RFC 3986 defines unreserved characters in a URI as follows:
unreserved = ALPHA / DIGIT / "-" / "." / "_" / "~"
When encoding a URI, unreserved characters should remain unescaped, but the standard also states that if a URI encoding escapes these characters, they must be restored to their original characters during decoding.
URIs that differ in the replacement of an unreserved character with
its corresponding percent-encoded US-ASCII octet are equivalent: they
identify the same resource. However, URI comparison implementations
do not always perform normalization prior to comparison (see Section
6). For consistency, percent-encoded octets in the ranges of ALPHA
(%41-%5A and %61-%7A), DIGIT (%30-%39), hyphen (%2D), period (%2E),
underscore (%5F), or tilde (%7E) should not be created by URI
producers and, when found in a URI, should be decoded to their
corresponding unreserved characters by URI normalizers.
The standard also points out that the ~
character is often escaped as %7E
in older URI encoding implementations.
For example, the octet
corresponding to the tilde ("~") character is often encoded as "%7E"
by older URI processing implementations; the "%7E" can be replaced by
"~" without changing its interpretation.
For reserved characters that may need to be escaped, the standard divides them into two categories:
reserved = gen-delims / sub-delims
gen-delims = ":" / "/" / "?" / "#" / "[" / "]" / "@"
sub-delims = "!" / "$" / "&" / "'" / "(" / ")"
/ "*" / "+" / "," / ";" / "="
Among these, gen-delims
is related to the structure of the URI and must be escaped, while whether sub-delims
need to be escaped depends on their position.

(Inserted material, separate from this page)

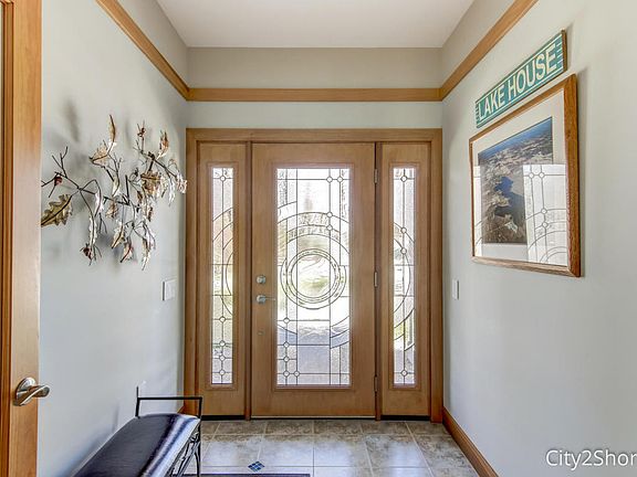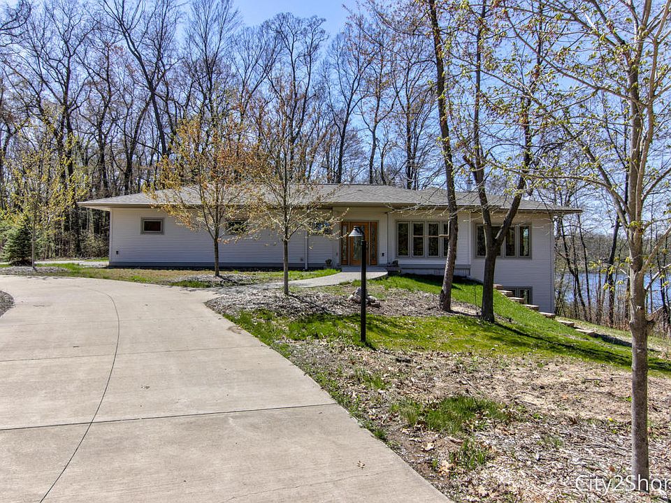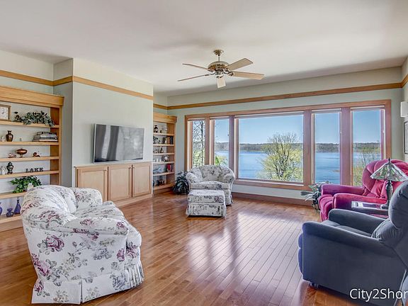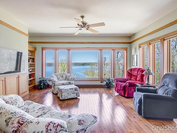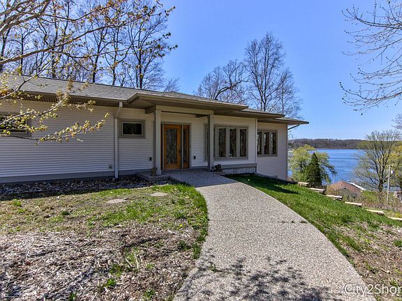 It could be yours. Financing just fell thru at last minute. It's all about the lake and the 360 degree views from the top of the hill, on the dock, or cruising the lake! This is lake living at its very best! This custom home has a Frank Lloyd Wright theme with a modern look. Designed for easy upkeep, inside and out. Comfortable for a small or large family. Great for entertaining on the main or lower levels; outside around the fire pit overlooking the lake; and on the permanent dock gatheringarea. Lots of parking on the lake lot and around the house, a rarity for lake property. The 45' x 24' pole barn will hold all of your lake toys.

In particular, since escaping uses the %
symbol, the %
symbol itself also needs to be escaped.
A typical URI consists of the following components:
foo://example.com:8042/over/there?name=ferret#nose
\_/ \______________/\_________/ \_________/ \__/
| | | | |
scheme authority path query fragment
| _____________________|__
/ \ / \
urn:example:animal:ferret:nose
The grammar fragments related to sub-delims
are as follows:
authority = [ userinfo "@" ] host [ ":" port ]
userinfo = *( unreserved / pct-encoded / sub-delims / ":" )

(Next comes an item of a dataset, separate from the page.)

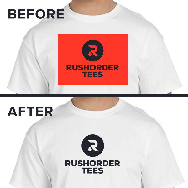 When uploading your own t-shirt design to our Design Studio, sometimes a box will appear behind your artwork. In some cases, it is completely different than the shirt color. Not to worry – This is an easy fix! After placing your order, our designers will remove that background and show you a finished design layout without that extra coloration.

host = IP-literal / IPv4address / reg-name
IP-literal = "[" ( IPv6address / IPvFuture ) "]"
IPvFuture = "v" 1*HEXDIG "." 1*( unreserved / sub-delims / ":" )
reg-name = *( unreserved / pct-encoded / sub-delims )

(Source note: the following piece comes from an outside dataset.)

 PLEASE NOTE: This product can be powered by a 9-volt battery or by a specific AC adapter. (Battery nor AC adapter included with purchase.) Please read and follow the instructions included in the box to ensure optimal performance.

path = path-abempty ; begins with "/" or is empty
/ path-absolute ; begins with "/" but not "//"
/ path-noscheme ; begins with a non-colon segment
/ path-rootless ; begins with a segment
/ path-empty ; zero characters
path-abempty = *( "/" segment )
path-absolute = "/" [ segment-nz *( "/" segment ) ]
path-noscheme = segment-nz-nc *( "/" segment )
path-rootless = segment-nz *( "/" segment )
path-empty = 0<pchar>
segment = *pchar
segment-nz = 1*pchar
segment-nz-nc = 1*( unreserved / pct-encoded / sub-delims / "@" )
; non-zero-length segment without any colon ":"
pchar = unreserved / pct-encoded / sub-delims / ":" / "@"
query = *( pchar / "/" / "?" )
fragment = *( pchar / "/" / "?" )
According to the above grammar, characters in sub-delims
may remain unchanged in authority
, path
, query
, and fragment
.
Additionally, the space character is encoded as +
in application/x-www-form-urlencoded
type, while in RFC 3986, it is encoded as %20
.
To identify the differences in how various high-level languages handle the escaping of these characters, a simple test was conducted, with the test results provided first, followed by the specific test code and output at the end.
Test Results#
Only the encoding and decoding situations in the query
segment were tested. In all encoding tests, characters in sub-delims
were encoded, while special characters in unreserved
were not encoded as reference results. A table of characters that differ from the reference results is noted, and the escaping situation for spaces is listed separately. The decoding test used a string with all special characters escaped, and since the decoding results were the same, they are not additionally displayed in the table.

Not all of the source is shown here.